Our take: if you publish an MCP server and want the Registry to verify you own the domain, publish the TXT now. The format is stable enough to bet on, and the verification path is the only one the Registry currently offers without an OAuth flow. Just don't write tooling that assumes the tag set will never change.
What to do: generate the key with the compressed-point flag explicitly set, publish the TXT at your apex, then re-run this checker. If the fingerprint matches the one your build emitted, you're done.
Where to go next
For the wider DNS picture, the TXT record checker classifies MCP records alongside SPF and the verification tokens from major providers. The structural cousin on the email side is DKIM, which uses the same tag-value layout and the same p= public-key tag.
Frequently Asked Questions
Common questions about MCP signing keys published in DNS.
Which algorithms are supported?
Two. ed25519 takes the raw 32-byte public key, base64-encoded. ecdsap384 takes a 49-byte compressed point with a leading 0x02 or 0x03 byte. Anything else parses as unknown or malformed.
The common mistake on the ECDSA side is publishing the default 97-byte uncompressed form (0x04 || x || y) or a DER SubjectPublicKeyInfo wrapper. Both look fine to openssl and both get rejected by registry consumers. Always pass -conv_form compressed when exporting.
How do I generate an MCP record?
For ed25519, generate the key and take the trailing 32 bytes of the public-key DER as your base64 payload:
openssl genpkey -algorithm ed25519 -out key.pem
openssl pkey -in key.pem -pubout -outform DER | tail -c 32 | base64
For ecdsap384, generate on secp384r1 and export with the compressed-point flag. Skip it and you get the 97-byte uncompressed payload that the registry rejects:
openssl ecparam -name secp384r1 -genkey -noout -out key.pem
openssl ec -in key.pem -pubout -conv_form compressed -outform DER \
| tail -c 49 | base64
Publish the result as a TXT record at your apex in the form v=MCPv1; k=<algorithm>; p=<base64>.
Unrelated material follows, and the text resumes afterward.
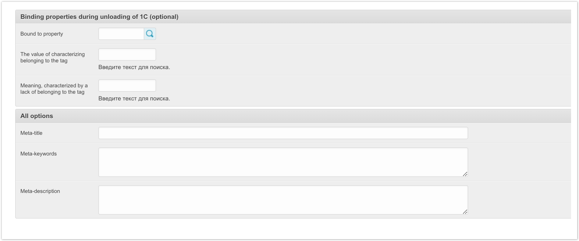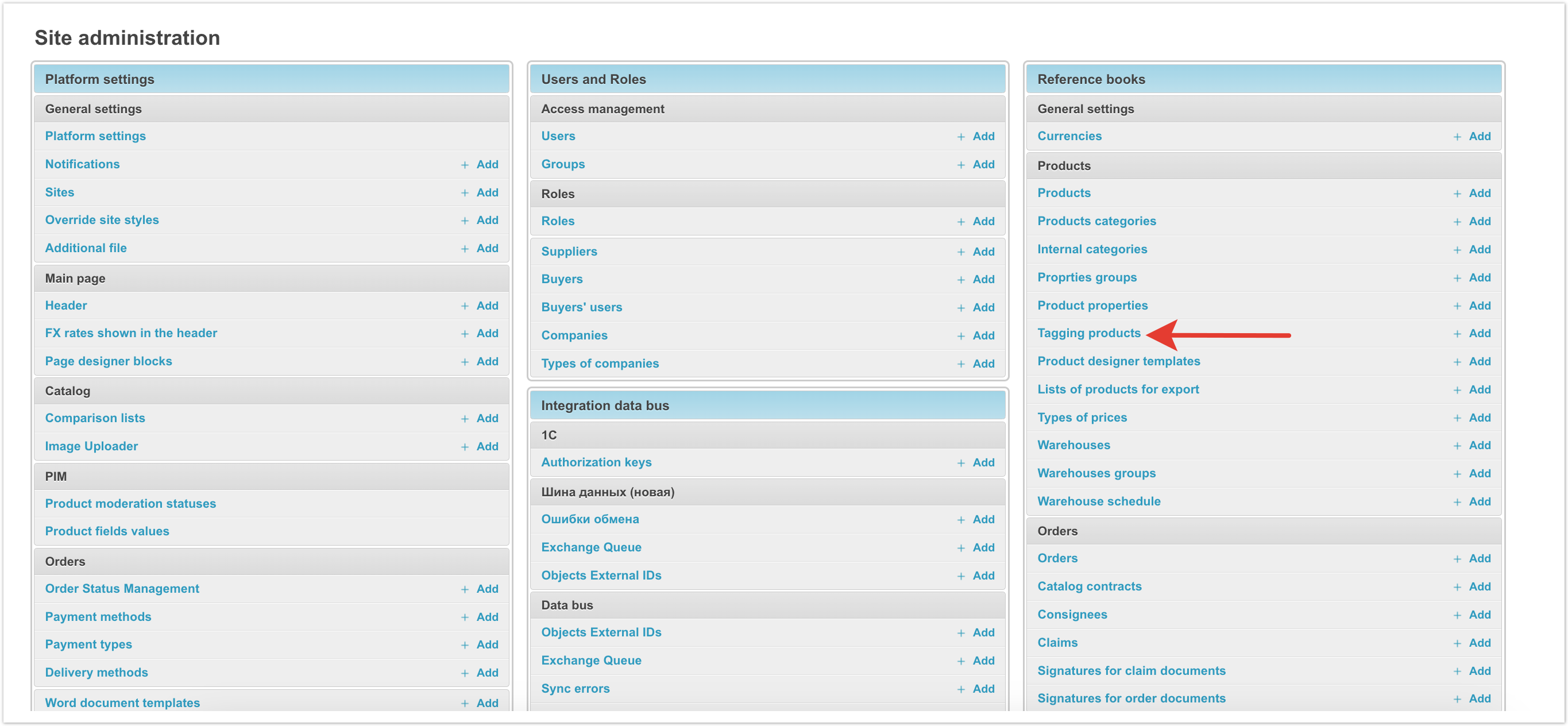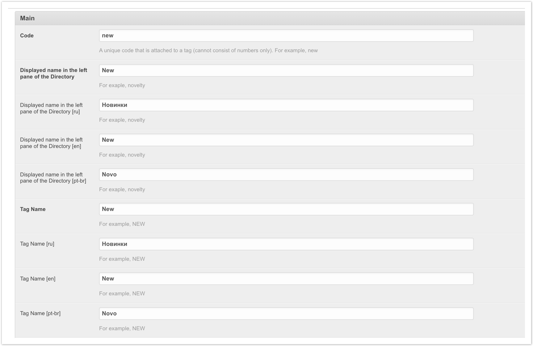 In the administrative panel located at project_name.agora.ru/admin, go to the Tagging products section. The page displays all tags for products configured on the platform. Position - the order in which tags are displayed. Using the drag-and-drop functionality, you can drag the tag to any location. The displayed name in the left panel of the Directory is the name of the tag that will be displayed in the user directory. Tag name - the name of the tag. Code - a unique code for the tag. Show in the center of the catalog - check whether the tag will be displayed in the center of the catalog page. - is displayed,- is not displayed. Show block of products on the main page - a checkbox indicating whether the tag will be displayed on the main page. - is displayed, - is not displayed. Show link in site header - check whether the link will be displayed in the site header. - is displayed, - is not displayed. Linked Bound to property - linking the tag with a specific product property. To change a tag, click on the name of the tag being changed, which will open a page with data in which you can:

Can I publish more than one MCP key?
Yes. There is no per-server selector the way DKIM has one. The spec puts every key at the apex, and multiple records at the apex are valid. The usual reasons are an in-flight rotation or several MCP servers running under one domain. Each record is parsed independently. microsoft.com currently publishes twelve.
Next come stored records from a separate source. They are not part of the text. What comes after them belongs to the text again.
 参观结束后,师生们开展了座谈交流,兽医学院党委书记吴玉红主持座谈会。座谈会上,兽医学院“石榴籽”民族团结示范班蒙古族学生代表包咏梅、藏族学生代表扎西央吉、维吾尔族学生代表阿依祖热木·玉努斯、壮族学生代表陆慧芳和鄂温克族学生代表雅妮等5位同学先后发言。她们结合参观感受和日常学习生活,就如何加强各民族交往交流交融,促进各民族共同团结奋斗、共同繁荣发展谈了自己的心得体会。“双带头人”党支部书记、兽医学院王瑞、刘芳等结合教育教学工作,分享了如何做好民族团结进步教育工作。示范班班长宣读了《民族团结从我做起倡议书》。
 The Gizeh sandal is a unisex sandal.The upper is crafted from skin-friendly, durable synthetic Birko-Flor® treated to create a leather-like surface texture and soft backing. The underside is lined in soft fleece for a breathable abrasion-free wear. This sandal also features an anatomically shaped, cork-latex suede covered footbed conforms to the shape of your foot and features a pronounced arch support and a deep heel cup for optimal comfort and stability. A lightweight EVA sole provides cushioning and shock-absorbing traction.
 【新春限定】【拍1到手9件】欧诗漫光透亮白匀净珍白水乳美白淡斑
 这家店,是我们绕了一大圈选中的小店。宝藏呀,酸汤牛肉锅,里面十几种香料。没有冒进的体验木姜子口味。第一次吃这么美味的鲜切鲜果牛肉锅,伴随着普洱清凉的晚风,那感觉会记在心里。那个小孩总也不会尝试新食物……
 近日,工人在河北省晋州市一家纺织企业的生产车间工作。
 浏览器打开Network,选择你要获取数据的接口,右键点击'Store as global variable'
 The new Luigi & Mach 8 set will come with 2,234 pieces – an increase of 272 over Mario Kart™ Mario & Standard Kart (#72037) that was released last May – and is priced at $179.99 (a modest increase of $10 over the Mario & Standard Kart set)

Is v=MCPv1 a finalised standard?
No. It sits in the MCP Registry documentation in preview status. Breaking changes are still possible. There is no RFC and no adopted MCP SEP behind it.
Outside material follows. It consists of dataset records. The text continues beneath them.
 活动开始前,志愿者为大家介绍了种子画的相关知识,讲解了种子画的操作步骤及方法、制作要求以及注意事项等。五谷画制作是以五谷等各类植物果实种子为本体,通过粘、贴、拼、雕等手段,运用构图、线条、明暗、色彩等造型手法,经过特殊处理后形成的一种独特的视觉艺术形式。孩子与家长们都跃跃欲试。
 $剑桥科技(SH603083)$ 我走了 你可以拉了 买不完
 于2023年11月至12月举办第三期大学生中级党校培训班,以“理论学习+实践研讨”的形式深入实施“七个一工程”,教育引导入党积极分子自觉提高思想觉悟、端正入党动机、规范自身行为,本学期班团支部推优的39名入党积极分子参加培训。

A separate IETF individual draft (draft-morrison-mcp-dns-discovery) proposes a different scheme using v=alter1 under a _alter. prefix. It is unrelated to v=MCPv1 and has no formal standing yet.
Is DNS the only way to publish an MCP server?
No. DNS-TXT is one path of several, and the one this tool covers. Hosted servers like GitHub's at api.githubcopilot.com/mcp and Notion's at mcp.notion.com/mcp authenticate with OAuth instead, publishing a resource-metadata document at .well-known/oauth-protected-resource.
Reference servers from Slack, HubSpot and others ship as npm packages (@modelcontextprotocol/server-slack, @hubspot/mcp-server) that the user runs locally. Those need no DNS proof at all. A domain without a v=MCPv1 record can still have a working MCP server published one of these other ways.
Why don't Anthropic, OpenAI and Google publish MCP records?
Different reasons per vendor. Anthropic and OpenAI are MCP clients. Claude Desktop and ChatGPT consume MCP servers, they don't run public ones of their own. Google's agent stack is built on ADK and A2A, so there's nothing to publish in the first place.
GitHub and Notion do run hosted MCP servers, but authenticate via OAuth rather than DNS-TXT. Salesforce has no public server at all, only third-party community implementations. Cloudflare is currently the biggest DNS-TXT adopter outside the Registry's launch partners.
Once the spec moves out of preview and the Registry stabilises, the DNS-TXT convention will probably pick up more publishers. Right now it's a patchwork.